In the 1920s, international waters were just three miles off the eastern seaboard. On McCoy’s first trip, he sailed to Savannah, Georgia, sold all 1,500 cases of liquor, and made a $15,000 profit, “which was more money than he could make in five years as a boatbuilder.”5 This became known as rum running, as McCoy sailed back and forth between the Bahamas and the east coast of the U.S. His actions also coined the phrase rum row. Rum row was the sea route that stretched from Nassau, Bahamas, to St. Pierre off Newfoundland. Many major cities, including Miami, New York, Boston, and Norfolk reaped the benefits of McCoy’s haul. The international water laws made it extremely simple for McCoy to lay anchor just off the coast and wait for contact boats to sail up beside his vessel and buy his cargo. McCoy realized that “as long as he stayed in international waters, he wasn’t actually breaking any laws.”6 In an era when organized crime was taking root in American society due to Prohibition, McCoy was an individual who did not have to bribe authorities or hire hitmen to hide his actions.7 Everything he did was perfectly legal.

Black and White Scotch Whiskey, photograph, 1924, Archive # MS0367/-02#66 McCoy’s vessel loaded with alcohol.

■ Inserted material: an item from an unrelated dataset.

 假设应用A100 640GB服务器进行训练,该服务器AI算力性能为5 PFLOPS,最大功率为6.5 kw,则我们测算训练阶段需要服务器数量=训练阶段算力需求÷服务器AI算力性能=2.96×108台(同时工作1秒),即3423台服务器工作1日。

But the good times can’t last forever, and ultimately McCoy becomes the United States’ most wanted – the number one target of the U.S. government. He is eventually caught in international waters. When captured, McCoy is quoted as saying,  “I have no tale of woe to tell you. I was outside the three-mile limit, selling whisky, and good whisky, to anyone and everyone who wanted to buy.”8 He spent nine months in jail, and when released, he did not return to the rum running business. His time as a rum runner lasted roughly three years.9

Bill McCoy, photograph, 1924, Archive # MS0367/-02#80

McCoy gets a reputation for being fair, honest, and reliable with his customers. He always supplied them with alcohol that was never tampered with or diluted. To quote author Stephen Jones, “McCoy never compromised his product. He never cut his booze.”10 His customers could trust that what McCoy sold was authentic. Historians are not in full agreement about the phrase, “the real McCoy.”11 However, based on Bill McCoy being a bootlegger, there is reason to believe that the phrase came about during this time because of his actions. If you wanted the good stuff, if you wanted the genuine thing, you went to McCoy.  And, he was not a corrupt individual. He was the real deal; he was the real McCoy. 

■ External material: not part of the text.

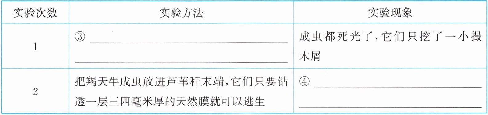 答案:6. (1)①被关在树干里的羯天牛成虫能否给自己挖出一条逃生通道?②羯天牛成虫能够挖出逃生通道。③把橡木劈成两半,挖出大小合适的坑;把刚刚化蛹的骑士羯天牛放进去,再把两半木头合起来,用铁丝固定④只有少数逃了出来⑤羯天牛幼虫预知成虫无法在橡树中挖出通道,于是提前准备好逃生通道(2)运用列数字的说明方法,具体准确地说明了羯天牛蛹室的宽大,体现了法布尔细致严谨、一丝不苟的科学精神。

1 “Prohibition is ratified by the states.” History. November 24, 2009.

2 “Prohibition of Liquor.” National Constitution Center. Accessed October 7, 2022.

 3The Real McCoy. Telemark Films, 2012.



6Ibid. and “End of the Line for Bill McCoy, King of the Rum-Runners.” This Day in Monmouth County History.

 7“End of the Line for Bill McCoy, King of the Rum-Runners.” This Day in Monmouth County History.


9“The Real McCoy Masterclass Rum Runners of the Prohibition Era.” The Real McCoy Rum. March 16, 2021. Video,

 10The Real McCoy. Telemark Films, 2012.

11Watson, Stephanie. “Why do people call things “the real McCoy”?” How Stuff Works.